November 1, 2023

How To Control and Estimate Costs With Snowflake

By Justin Delisi

This blog was originally written by Keith Smith and updated for 2023/2024 by Justin Delisi.

The Snowflake Data Cloud offers a scalable, cloud-native data warehouse that provides the flexibility, performance, and ease of use needed to meet the demands of modern businesses. While Snowflake offers unparalleled capabilities for data processing and analytics, it’s essential to keep a watchful eye on your costs.

Cloud computing resources come with a price tag, and without proper cost management, you might find your cloud expenses spiraling out of control.

In this blog, we will explore how to effectively estimate costs within the Snowflake data warehousing environment, help determine a baseline of costs with Snowflake, and explore a few key features that will add to your costs.

Addressing Cost Concerns with Snowflake

How do I control my Snowflake costs when everything is designed to charge me money?
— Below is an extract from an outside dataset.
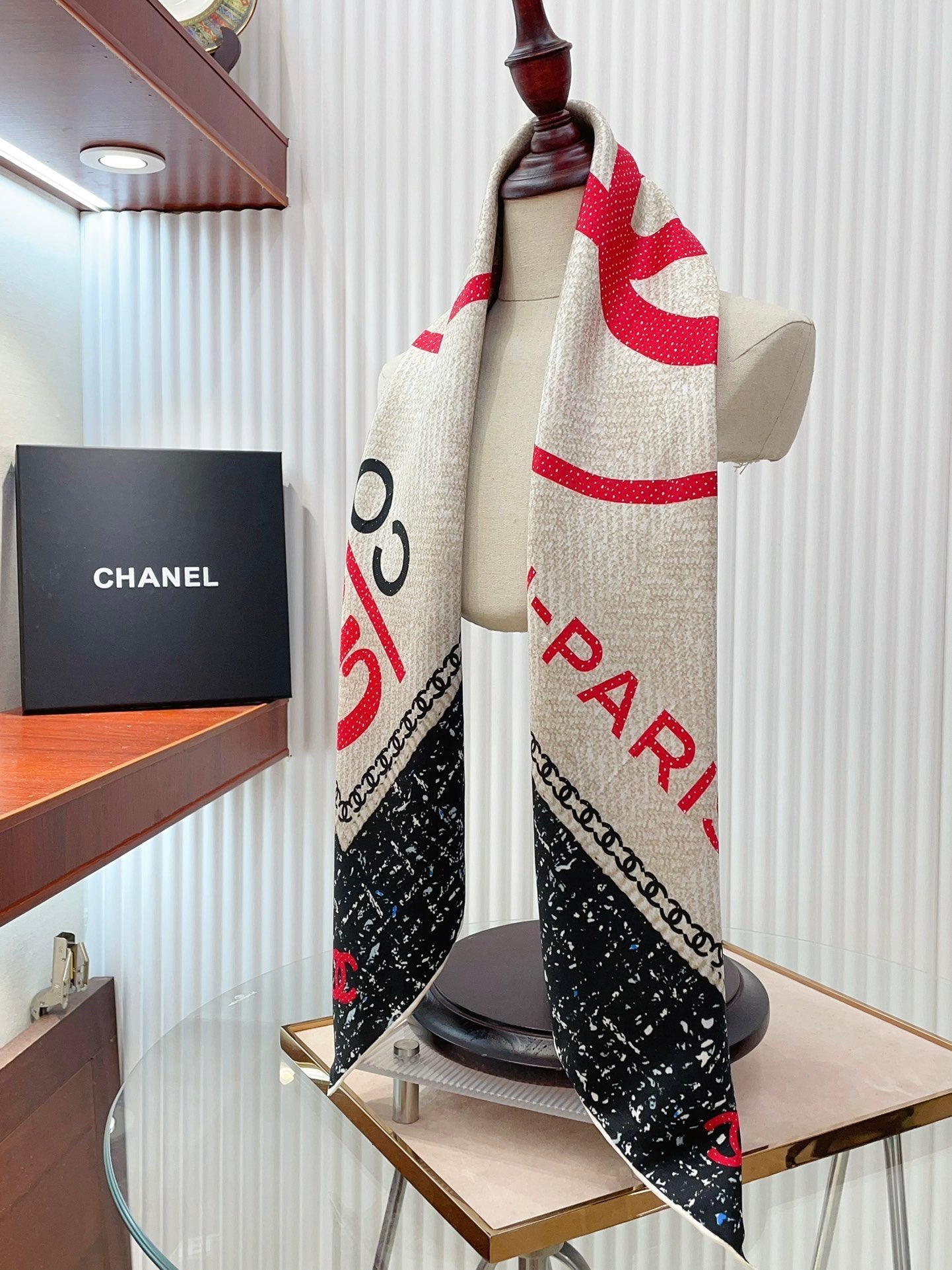 CC Square Scarf 90 CM In Black Mix Light Beige Red Cashmere Silk 172077

Isn’t Snowflake in the business of trying to charge me the most credits for my queries? How can I be sure that I stay within my budget based on cost projections?

Part of moving to new technologies (even the most promising) is understanding the question at the back of every buyer’s mind: what is it going to cost to get started?

The answer doesn’t have to be difficult or complicated.

Traditionally, the estimation process had many moving parts and estimations had to be exact for the ROI to prove out. Now, the cloud has flipped this on its head: you, as a consumer, pay only for what you use. 

But what does that actually mean?

If you don’t use a product, you will not pay for it. But if you use a product a lot, then you will pay what appears to be a lot of money for it. 

This is amplified when you pay for what you use a lot and are doing it inefficiently. Inefficiency doesn’t scale — and you can pay for it many times over.

Many customers are faced with breaking old habits when moving from on-premises to cloud products in this regard; when running processes on-premises, inefficiencies are generally significantly cheaper.

Today, alleviating cost concerns for Snowflake are about paying for what you’re using and using the platform efficiently.

This fear around continuous cost is normal —  every customer we’ve brought on board has faced inefficiencies. In fact, phData has gone through this internally. We are continually looking at how our internal usage of cloud-based products including Snowflake as they are being used for development and driving our business forward.

The reason this is difficult is because, in most instances, there aren’t clear guardrails on how to ensure your 12-month budget isn’t gone in 3 months. 

In practice, we see customers solve this problem by setting reasonable constraints around their warehouses, building dashboards to pinpoint issues, and constantly re-evaluating the way data is being used and consumed across the platform.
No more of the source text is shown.